Was die Gefahren des sexuellen Missbrauchs angeht, möchte ich erreichen, dass wir Standards in den Vereinen etablieren. Schulung, Sensibilisierung, feste Strukturen mit Ansprechpartnerinnen und Ansprechpartnern, festgelegte Abläufe. Es darf nicht sein, dass ein Großteil der Vereine von sich sagt: Bei uns gibt es das Problem nicht. Rund ein Drittel aller Sportlerinnen und Sportler berichten von sexuellen Belästigungen oder Übergriffen. Sportlerinnen und Sportler gehen ständig über ihre Grenzen und werden dazu ermuntert. Gerade im Leistungssport droht die Gefahr, dass sie das Gefühl dafür verlieren, welche Grenzen sie selber setzen, welche Grenzen andere respektieren müssen. Das Thema gehört auf die Tagesordnung. Definitiv.
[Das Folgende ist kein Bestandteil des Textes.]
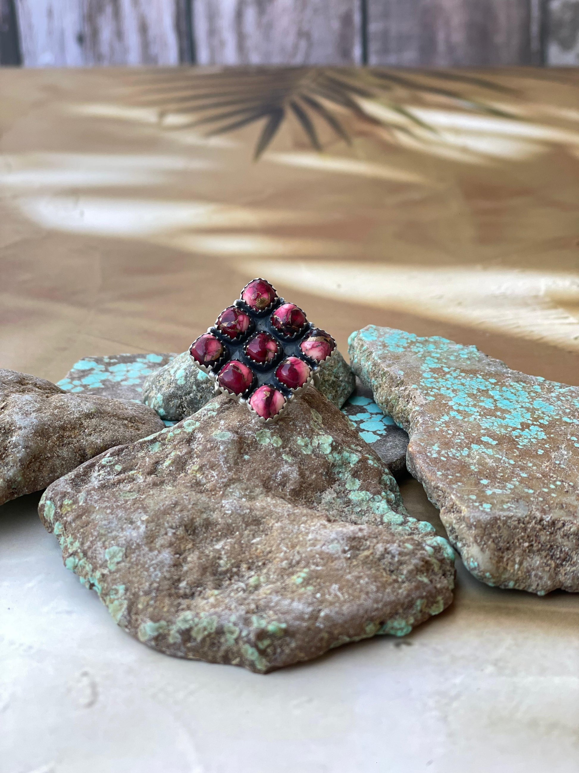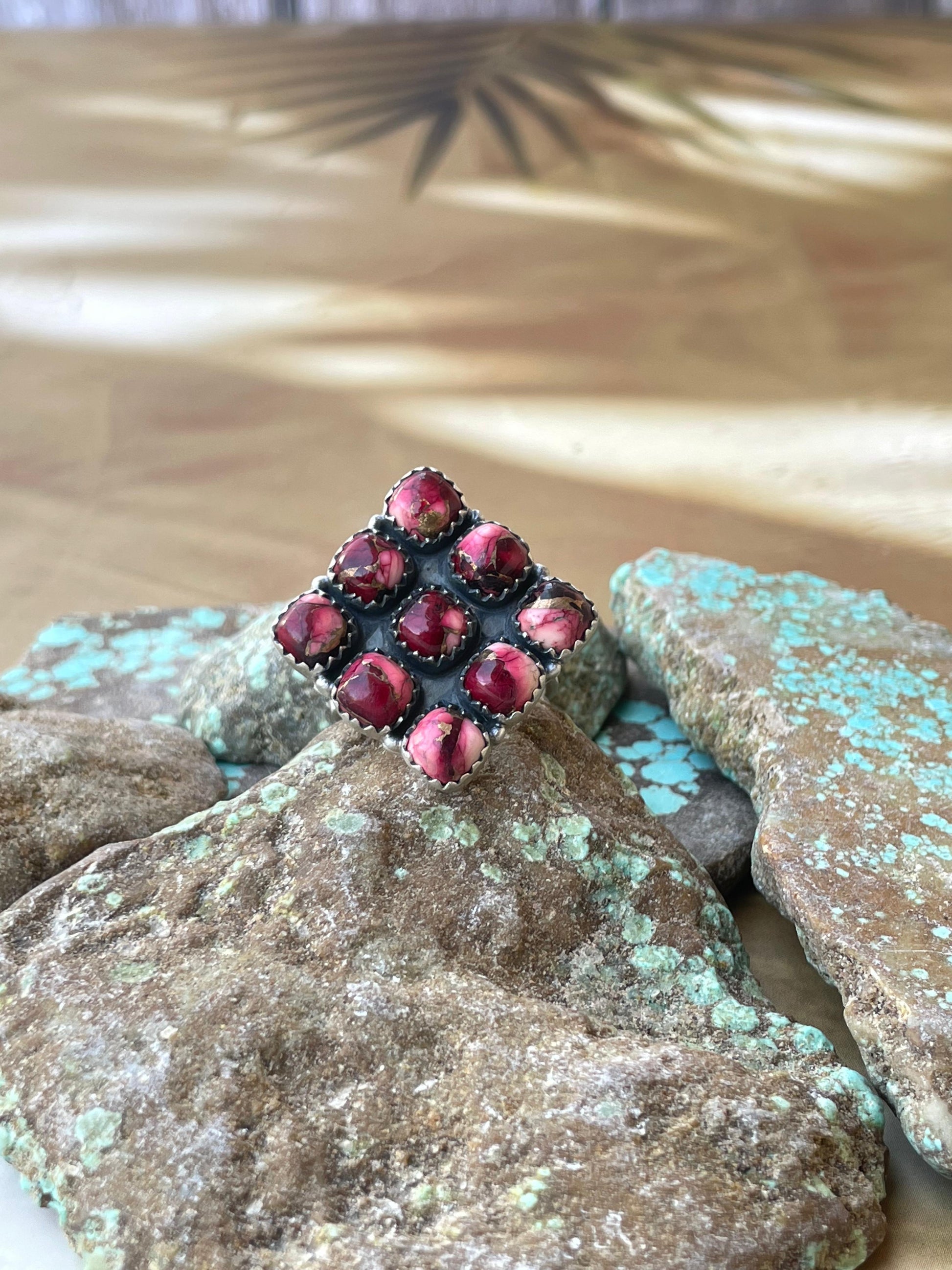 Adjustable in size to wear on any finger. Beautiful stones. Beautiful details. Really great Ring. Ring face 1 inch.

Ich bin schon zufrieden, wenn es uns gelingt, in diesen Themenbereichen ein Problembewusstsein in die Köpfe der Funktionäre und der Verantwortlichen in den Vereinen zu tragen. Ich bin überzeugt, dass die Debatte den Sport bereichern wird, wenn er sich ihr erst stellt. Ich will gar nicht darauf hinaus, dass sportliche Veranstaltungen den Charakter eines Christopher-Street-Day haben müssen. Aber ein bisschen mehr queer täte dem Sport sicher auch gut. Sport ist eben nicht nur „höher, schneller weiter“, Sport ist soziales Leben, im Sport spiegelt sich unsere Gesellschaft. In all ihrer Vielfalt. Analog und vielleicht sogar ein bisschen digital.